You know what that tells us if you are paying attention? What that tells us is that anytime we come into a corporate place of worship and characterize worship by how satisfied we am rather than by how God is glorified, we have failed to guard our own hearts and have turned worship into self-centered consumerism.

We come to this place to express the verbiage of our hearts and our lips in magnifying the praise and the adoration of Almighty God.

The One with Scars in His Hands

There was a fire in an apartment in Manhattan, and there was a little boy whose mom and dad perished in the fire. When the fire was blazing, there was a fireman who could hear the little boy’s screams. He went up a fire escape wearing these thick gloves, but the heat of the fire had heated the metal to a level that, even through his gloves, his hands were being burned. He could hear the boy’s screams, and he just kept going. He crawled through a window, grabbed the little boy, and again held him in his arms and worked his way back down the fire escape ladder, his hands being burned through his gloves. He took the boy to safety.

Months went by, and because both parents had perished in the fire, the court was going to assign who had custody of the boy. There was an uncle who was both a medical doctor and had children, and would have been a wonderful family to assign the boy to. Then there was another cousin where both the husband and wife were engineers, and there were siblings in the family, which would have been a wonderful family to assign the boy to.

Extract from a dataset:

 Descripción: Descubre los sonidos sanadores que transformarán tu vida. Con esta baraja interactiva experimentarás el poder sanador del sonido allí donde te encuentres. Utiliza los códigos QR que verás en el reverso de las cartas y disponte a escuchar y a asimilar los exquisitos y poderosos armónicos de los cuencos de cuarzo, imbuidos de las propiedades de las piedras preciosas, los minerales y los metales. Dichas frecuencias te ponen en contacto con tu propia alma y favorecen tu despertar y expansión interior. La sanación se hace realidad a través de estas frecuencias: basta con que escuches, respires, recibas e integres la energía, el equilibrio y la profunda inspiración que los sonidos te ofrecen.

But as the judge was narrating the case, the fireman and the little boy asked for permission to speak. The boy said to the judge, “Sir, I want to go with the man who has scars on his hands. Would you let me go and be with and look to the one who has the scars in his hands?”

Church family, would you look to the one who has scars in His hands? Would you bow down to the one who has scars in His hands? Would you worship and magnify the one who bled and died for you and has scars in His hands? Would you ascribe glory to the one who has scars in His hands?

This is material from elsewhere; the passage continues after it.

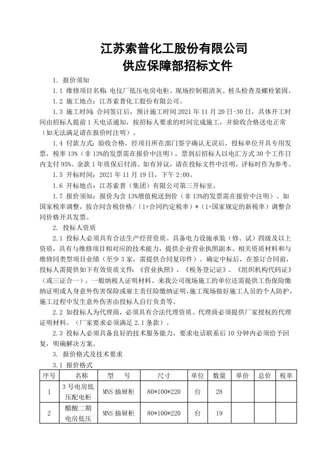 电仪厂低压电房电柜、现场控制箱清灰、桩头检查及螺栓紧固招标文件2021.11.19.doc

Would you magnify and lift up and adore not your projection of your idea of Him, but who He really is, the one who has scars in His hands?

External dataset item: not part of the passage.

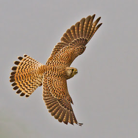 Kestrel hovering over by day
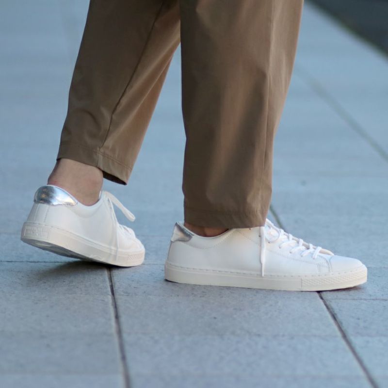 高級感ある純白のレザーが、スニーカーのイメージを覆すようなキレイめな一足に。

Will you worship and make much of Him for His glory to make Him famous throughout the earth? Will you love deeply one another, love this city deeply, out of the reality that we are looking to the one who has scars in His hands?

Oh, let us worship the one who has the scars in His hands.


TL;DR

  1. The crowd welcomed Jesus with praise, but their expectations were shaped by what they wanted Him to do, not who He truly is.

  2. True worship is not fascination or enthusiasm—it is grounded in truth and formed by surrender.

  3. Jesus models worship through humility, sacrifice, and obedience, ultimately moving toward the cross.

  4. The call of Palm Sunday is to move from being a fan of Jesus to a fully surrendered follower who lives for God’s glory, not personal preference.